State-of-the-art law enforcement training center opens at ACC Hays

Hays

KYLE, Texas (KXAN) — This fall Austin Community College’s Hays campus will have a new addition: the Public Safety Training Center.

The center, which opens on Aug. 21, will be used to train students on the criminal justice track as well as ACC’s Police Department and other public safety departments in the region. 

“What we’ve seen with the active shooters, with the school shootings, is that law enforcement needs to have real, dedicated training toward that threat, and to do that, you need a specialized place,” explained Dale Toler, the interim director of the Public Safety Training Center.

Toler, who spent more than 20 years working with the Austin Police Department, believes there is a significant need for this kind of facility within the local law enforcement community. 

The center is funded through two bond proposals voters approved in November of 2014, which promised to fuel $386 million in improvements across ACC campuses. Originally the center was planned to meet the demands of students, but after ACC surveyed local law enforcement, they decided to turn it into a regional public safety resource as well. 

“Our students can obtain their state licenses as peace officers, but we didn’t have the facilities for that,” explained James Molloy, a criminal justice professor at ACC. Molloy said this new facility won’t just go to help students on the criminal justice path, but also those starting in the emergency management program at ACC that’s set to begin in the fall. 

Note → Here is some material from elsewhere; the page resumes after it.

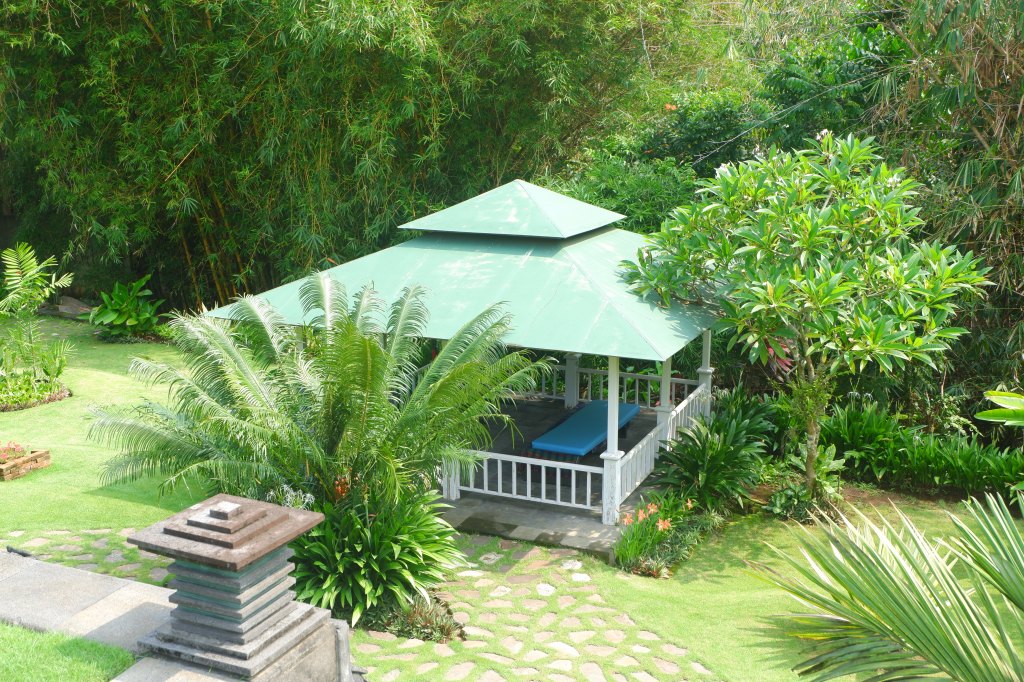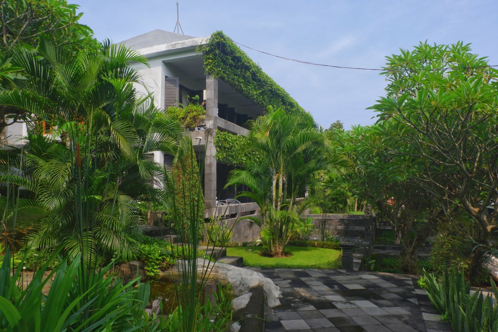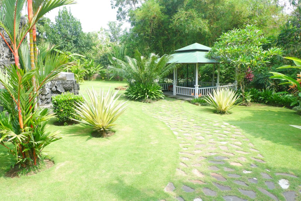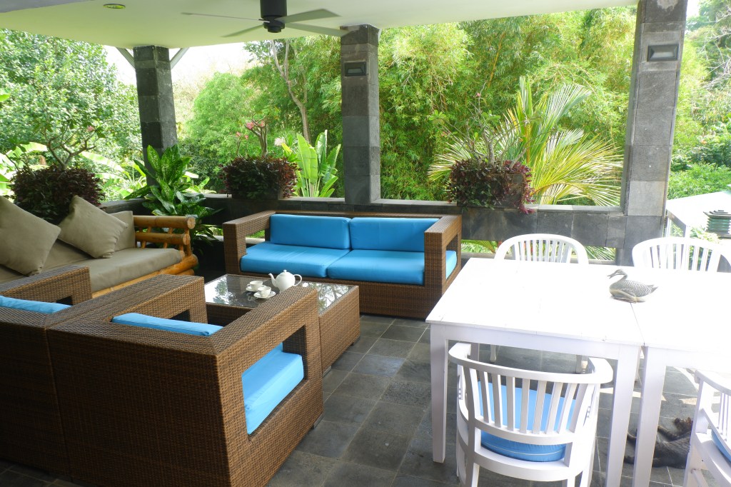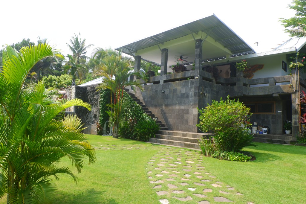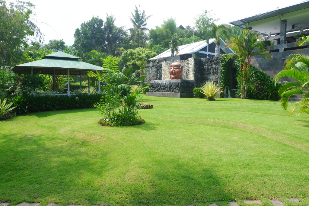 The magnificent gardens were installed by a well-known landscape artist from Java in 2012. He has included many flowing layers, retaining walls, paths, wall carvings & a giant Buddha statue over which the infinity pool cascades its water. Many species of local & imported plants, shrubs fruits & now mature trees were planted with wonderful results.
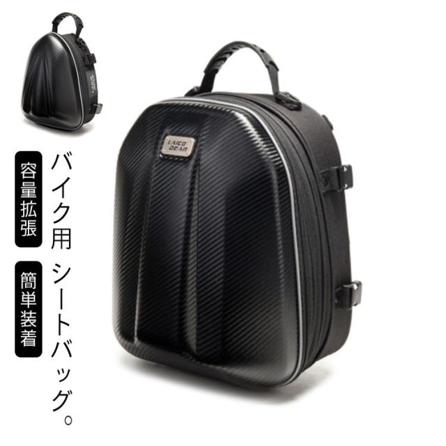 シートバッグ バイク 大容量 拡張機能あり バイク ツーリングバッグ シートバック バイク リアバッグ 防水 オートバイバック 仕分ポケット内蔵 撥水 耐傷 軽量 簡単固定 レインカバー付き ブラック バイク用品 バイク用シートバッグ 装着簡単

While there are other training centers in the regions, what Molloy believes makes this one different is it is more holistic and includes space for all different types of indoor and outdoor drills, classrooms, self-defense practice and driving training. 

Previously, Molloy explained that students would train in parking lots or borrow other departments’ facilities. 

The center has a firing range which can be used to train for both daytime and nighttime conditions. Those practicing there can be tested with a range or alternating targets, flashing lights and loud noises to mimic hurdles on the job. 

The center also features an emergency vehicle driving course that runs for half a mile with plenty of twists and turns, it can even mimic a slick, icy roadway 

“We’re looking at teaching the police officer how to safely drive his car to a call,” Toler said as an example. “That sounds really simple until you are in a police car trying to drive through traffic getting to the call.”

He said this isn’t the only track of this kind in Texas but he says it is the best track of it’s kind in Texas.

A center like this has been on many department’s wishlists, but not within their budgets. Toler said the Travis County Sheriff’s Office, Hays County Sheriff’s Office as well as Austin, Buda, and Kyle Police Departments have all expressed interest in working with the center.